Military and technology miscalculations

Indeed, that barrier, full of razor wires, cameras and sensors, and fortified with a concrete base against tunnels, was considered a formidable security block, both insurmountable and unconquerable. However, it turned out that its patrolling mostly relied on young and inexperienced duty soldiers, thin in their ranks, thanks to a massive recent redeployment of three battalions to the West Bank to defuse tensions between Jewish settlers and Palestinian citizens, particularly in the Nablus area. The Gaza Division was left understaffed by a government policy prioritizing West Bank control over fair distribution of military resources along the three risk areas smoldering almost simultaneously: Gaza on the southern front; Hezbollah on the northern border; and the West Bank on the eastern brink.

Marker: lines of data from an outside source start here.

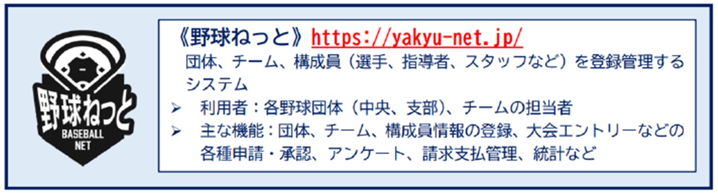 ● 野球競技者登録システム「野球ねっと」操作マニュアルを掲載しました。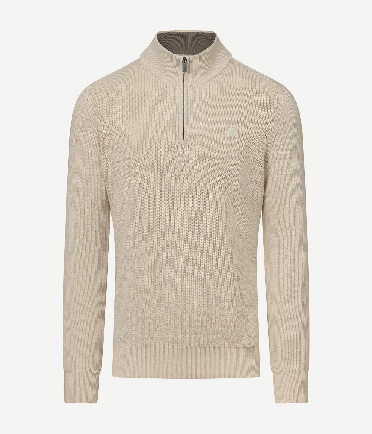 Voor een tijdloze en verfijnde uitstraling is deze State of Art Half Zip Trui in Ecru een must-have in elke garderobe.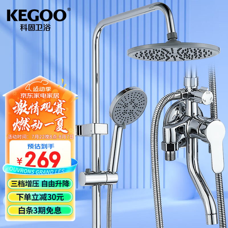 科固(KEGOO)花洒全套明装淋浴器喷头套装 明管混水阀洗澡水龙头沐浴开关K4015价格:299.00元!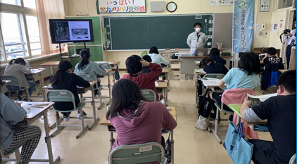 ・5月11日(火)松城小学校の5年生19名を対象に、 松前の観光資源の説明と、その中の自然を題材に 歴史と小松前川支流域の大切さを授業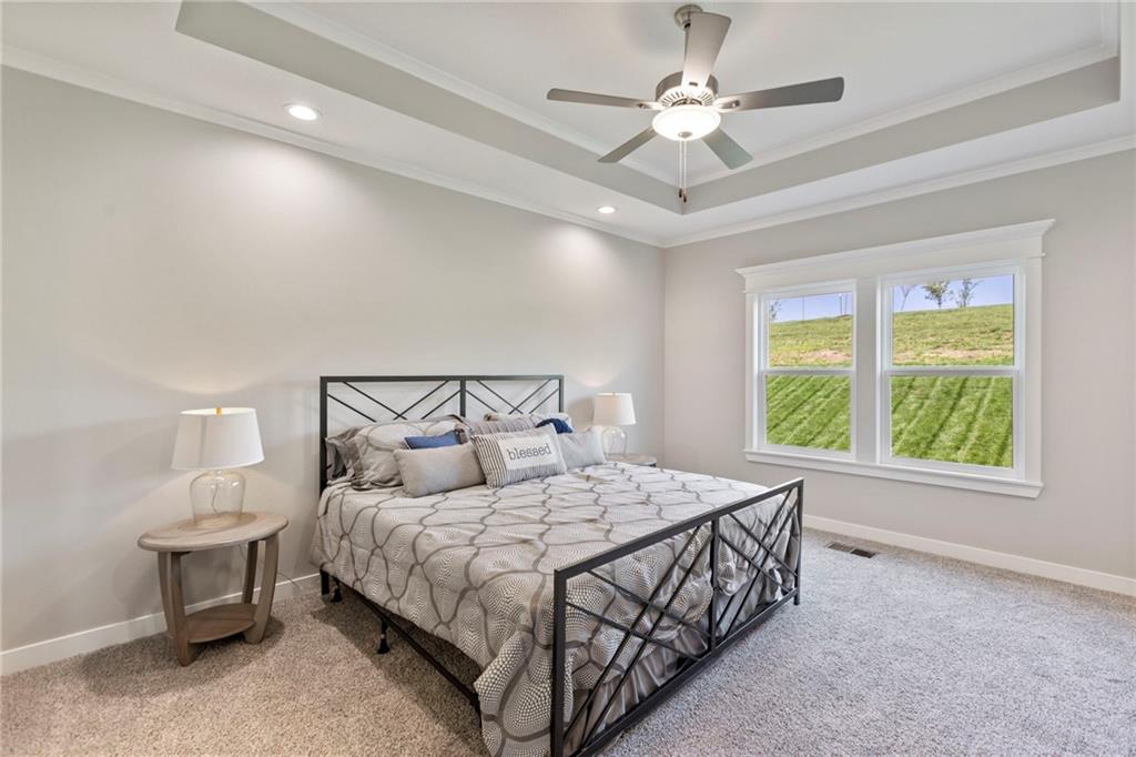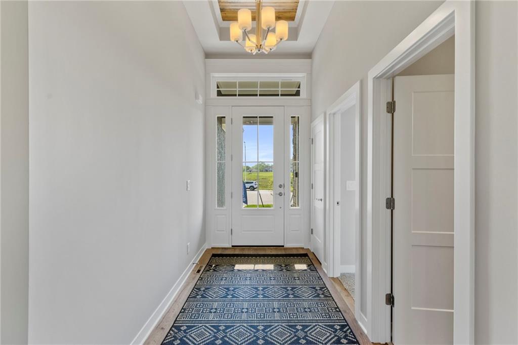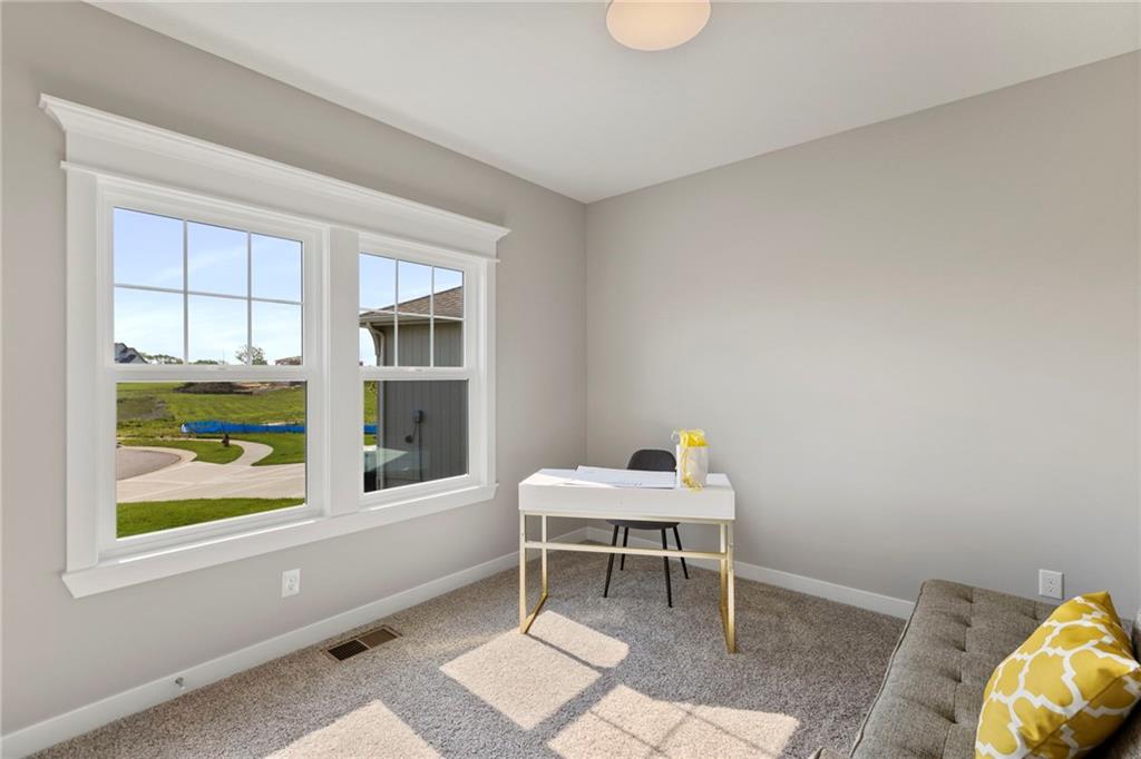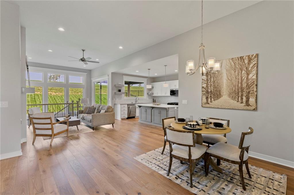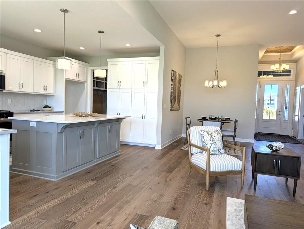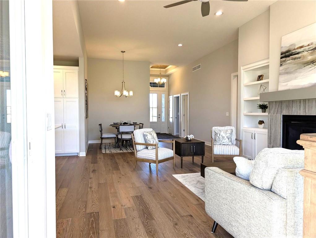 ** Exceptional quality meets effortless living in the final Patriot Home available in Maintenance Provided Cadence Villas.This home is finished.** Resize your living space with ease and enjoy the benefits of maintenance provided living in the Truman by Patriot Homes! Located on a secluded cul-de-sac homesite, this Reverse 1.5-story open concept floor plan includes a stone-clad traditional façade, three-car garage, and covered front porch. The 8-foot front door leads into a spacious entry with a 12-foot ceiling highlighted by an elegant trim treatment and chandelier. Hardwood flooring throughout the main entry, living and kitchen accentuates the seamless flow between the dining room, kitchen, and great room while a bedroom and full bathroom just off the entry makes for an ideal guest or bonus room. Arguably the showpiece of the home, the kitchen is outfitted with expansive quartz countertops, large center island, shaker style custom cabinetry, and stainless steel Samsung appliances. Opposite the kitchen is a cozy great room with a gas fireplace, built-in bookshelves, floor-to-ceiling windows, and an 8-foot sliding glass door that opens to a covered patio. A private hallway leads to the master suite showcasing an exquisite freestanding soaker tub, zero entry walk-in shower, Bluetooth audio system, and a sizeable walk-in closet with third tier pull down rods. The Truman comes equipped with additional conveniences such as 8-foot tall garage doors with an included belt drive opener on main door, an irrigation system, high efficiency 96% Lennox furnace, whole house humidifier, and 50-gallon electric water heater. Homeowners also have an annual HOA fee of $600. This villa is in Prestigious Phase 1, Cadence Villas, a Hunt Midwest Maintenance Provided Community.

An Israeli air strike on Lebanon, on October 21

 

Moreover, technology was favored in providing security over human control, but a failure occurred in monitoring some key communications channels used by Hamas, which were likely transferred on new undetected software. The intelligence community was also duped by Hamas’ mock restrained posture in the last round of confrontations in May between Israel and the Islamic Jihad, in which Hamas stayed neutral, and during the latest round of popular fence demonstrations in August. This resulted in the major massacre of Israeli citizens of the Gaza enclave kibbutzim that went unnoticed by the authorities for six hours on a shabbat morning of Sukkot (Jewish holiday).

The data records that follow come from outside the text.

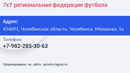 7х7, региональная федерация футбола по адресу 454091, Челябинская область, Челябинск, Монакова, 1а в дальнейшем Организация, размещена в следующих категориях: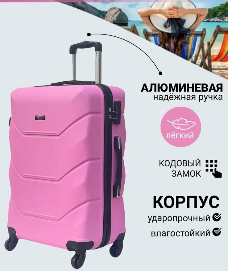 Чемодан FreeDom, розовый, L, ударопрочный, 4 колеса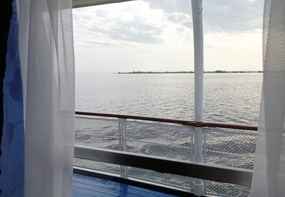 Всем доброго дня, дорогие друзья! А наше утро началось с вот такого вида за окном! Теплоход плавно движется в свой первый пункт назначения - порт Саратова. До него ещё целых три часа, за которые нужно успеть много - проснуться, сходить на зарядку, привести себя в порядок (без причёски и макияжа ведь никуда!), позавтракать и вовремя влиться в экскурсионную группу. Поэтому я, как умная женщина, решила зарядку пропустить, чтобы осталось побольше времени для сборов. Каждое утро в определённое время в каютах включается радио и тем самым открывает новый день для туристов интересной радиопрограммой, рассказами о местах, проплывающих за бортом, и, конечно же, хорошей музыкальной подборкой. Но в это утро радио почему-то молчало... Уже и 7-30 на часах, время пробуждения, а из динамика тишина... Наверное, барахлит, так я решила. Потихоньку продолжила наряжаться, потом уже и Дениску будить принялась - как раз час до завтрака оставался. Я порадовалась, какая я умная и всё правильно рассчитала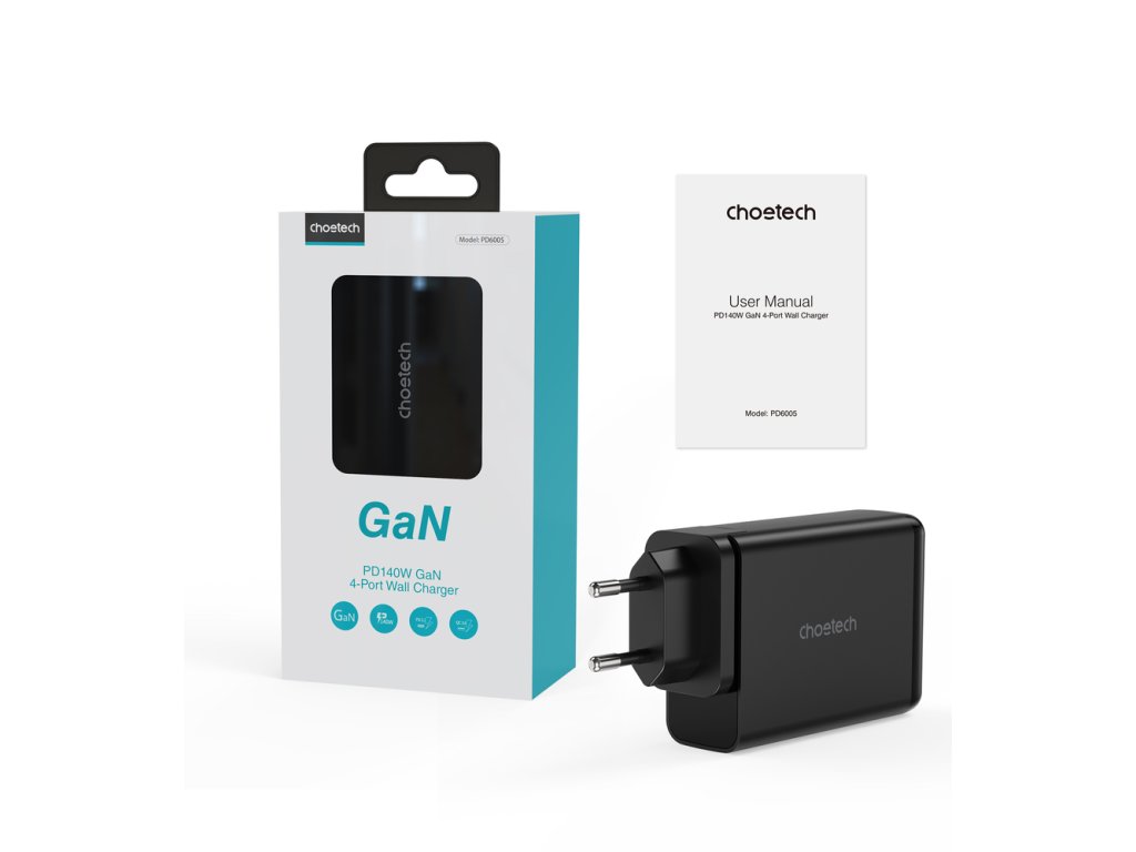 Choetech PD6005 rychlá nabíječka / 2x USB-C / 2x USB-A / 140W / GaN - černá.

This major miscalculation will weigh heavily on the assessment of the sixth Netanyahu government, exposing the most right-wing coalition ever, which was supposed to put security for Jews first. In fact, Netanyahu’s public approval has been plummeting in Ma’ariv surveys (29% approval rate) since the attack. The Gaza enclave communities, beforehand staunchly supportive of Likud, have indeed been alienated by the lack of response to the Hamas terrorist attack. Common people have lashed out against a government that asked them for much, but returned very little. This equation is further complicated by the kidnapping of around 200 confirmed Israeli hostages taken to theaza, whose families are begging to be heard by the government and pleading for the opening of humanitarian corridors, which can be established only upon negotiations with Hamas, and through a number of international brokers.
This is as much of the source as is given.